B61 -- I completely sympathize with what you're saying. My son just got laid off, and another of my kids is struggling mightily. I'm very sad about the trials the younger generation is going through, and sadder still about what my grandkids are living through.

While I appreciate all the advice that's being given, I don't think the situation these days is the same as when we were younger. The evidence is all out there staring at us -- having unregulated markets only helps the big bankers with millions to play with and also rewards them with a ridiculously low tax rate. I'm sorry, but I think the more one rakes in, the more one should contribute to the common weal.

I've been reading a great deal about the financial crisis and just watched a Frontline movie about how the big guys -- Alan Greenspan, especially -- wouldn't listen to a woman named Brooksley Born, chair of the Commodity Futures Trading Commission who tried during the '90s to regulate the derivatives market that finally caused the crisis of 2008 (and there was a smaller one in 1998).

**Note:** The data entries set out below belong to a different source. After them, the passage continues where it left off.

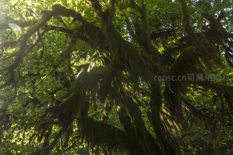 从低角度仰望,虬曲的古树枝干上覆盖厚厚苔藓,阳光穿透叶隙洒在枝桠间,尽显森林的雄浑与岁月痕迹。
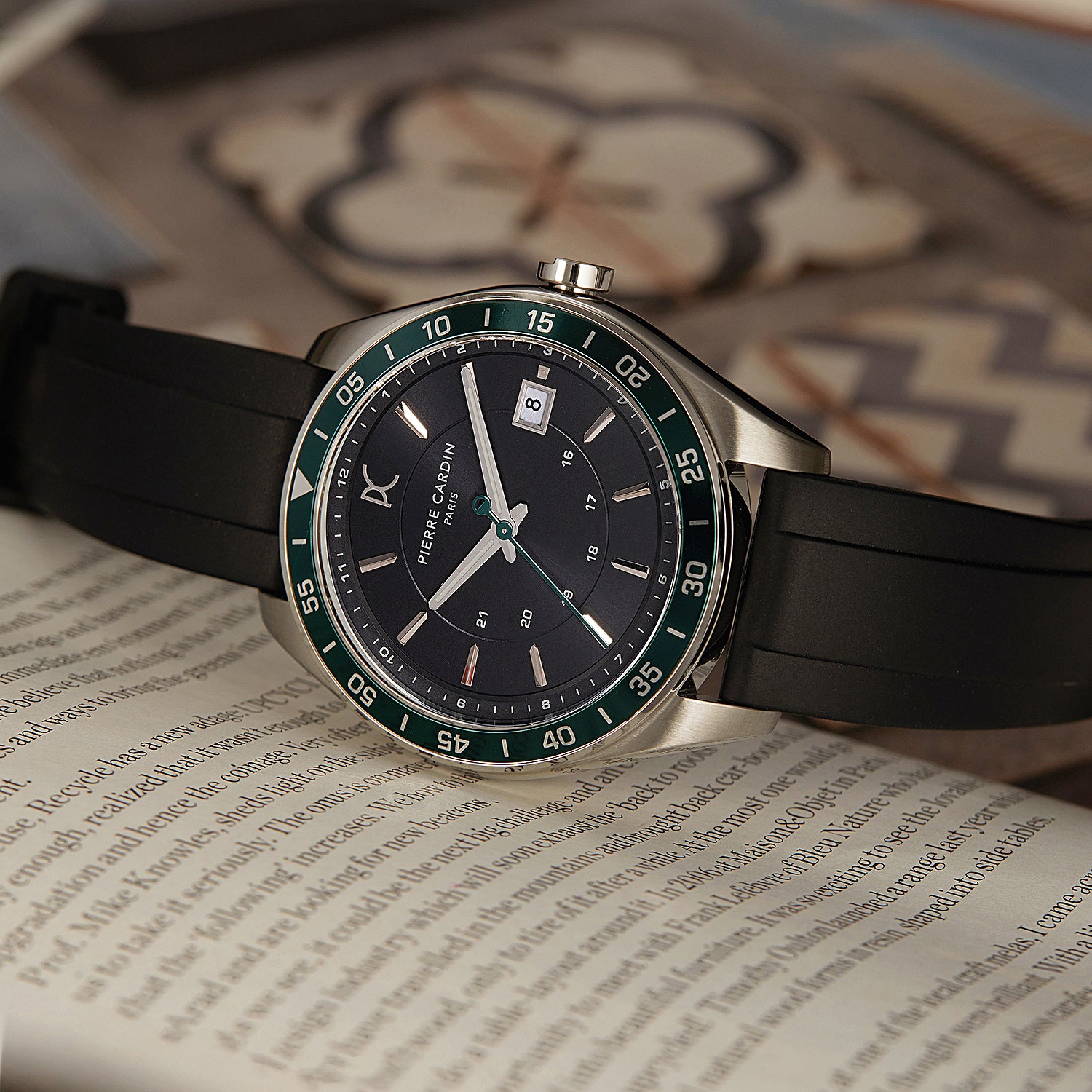 The Nation Verre men’s watch offers a unique and stylish look with its silver 42mm case, bold green bezel, and sleek black dial. Paired with a durable black silicone strap, this timepiece is designed for both comfort and versatility. Powered by a reliable 3-hand quartz movement with a date function, it’s perfect for everyday wear and active lifestyles. The contrasting colors make the Nation Verre watch an eye-catching accessory, blending sporty appeal with modern sophistication.
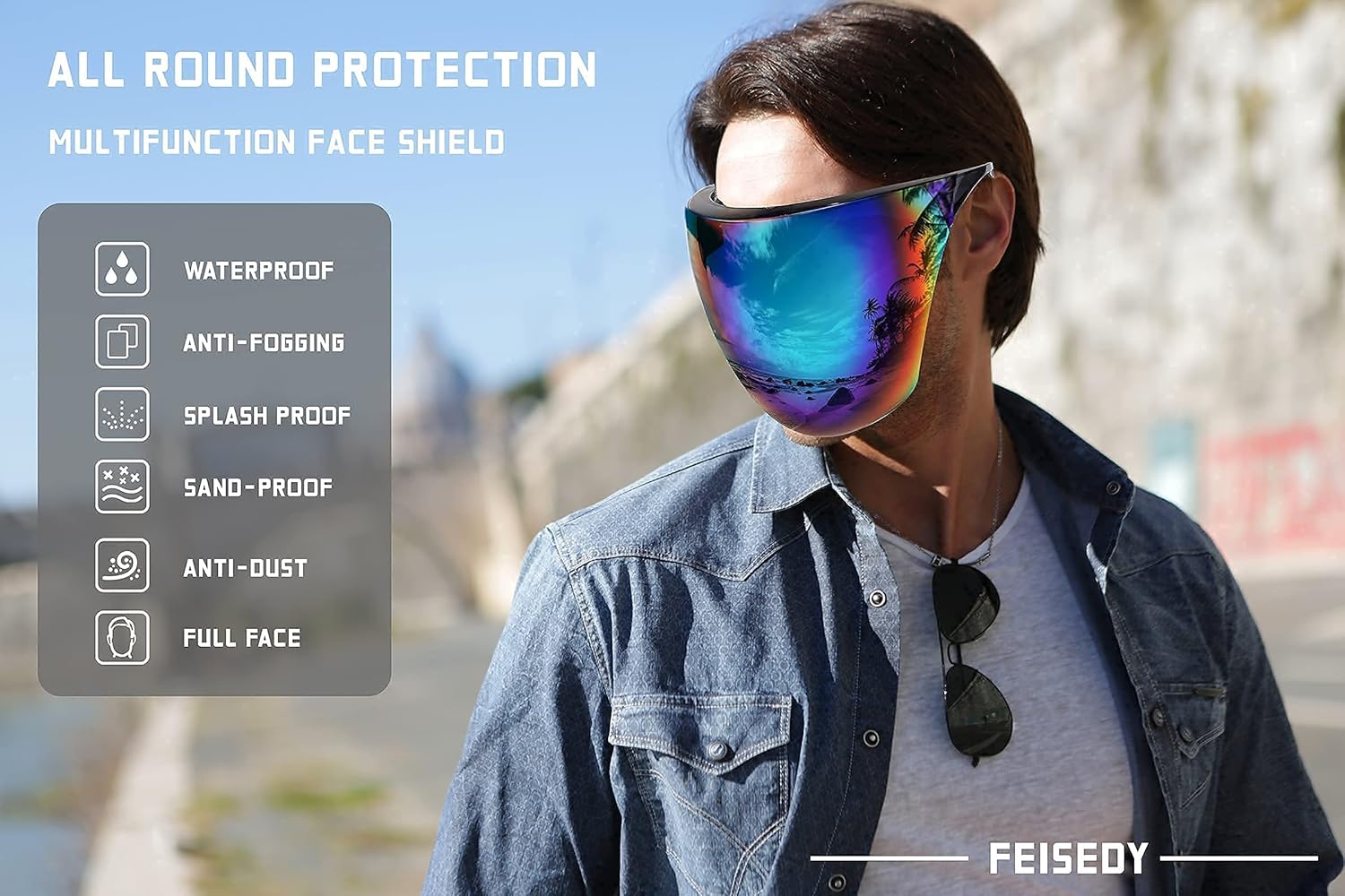 FEISEDY Full Face Shield Visor – Anti-Fog Polycarbonate Eye Protection with Mirror Lens

Back in the '70s, we didn't have this problem. It has been growing since the '80s, and really mushroomed in the '90s, and it's still lurking out there. We should all be demanding regulation! There are 5 Wall Street lobbyists for every single Congressperson, and the Congresspeople tend to think that the lobbyists are "experts" so they cave in to them.

Now we know, though, that even the bankers who were selling derivatives didn't fully understand them. And even the grand wizard himself, Alan Greenspan, said that his entire life philosophy based on Ayn Rand's teachings of "let the market regulate itself", admitted that he'd been wrong all his life. A sad thing for him to say, but good that he admitted it.

I too have struggled, lived with nothing, scraped by, and now live fairly comfortably. But I have to say, the world was simpler back in the 70s. The deck wasn't stacked against the average person the way it is now. There were still small, local banks, and friendly neighborhood local stores that hadn't yet been bought out by multinational corporations with headquarters in Hong Kong or Frankfurt or wherever, so you knew that the money you spent would circulate in the neighborhood. There were still locally owned radio and TV stations, whose owners lived in the communities. There were still local farms growing local food that wasn't raised in salmonella-producing conditions. We're all guilty of allowing ourselves to be bullied by these greedy wolves who are destroying our children's chance at decent lives.

I think we're on a page that hasn't been written before and are finding our way. There are no precedents for what's going on right now.

I don't plan to retire for quite some time (I enjoy my job too much anyway) and stand ready to help my children in any reasonable way.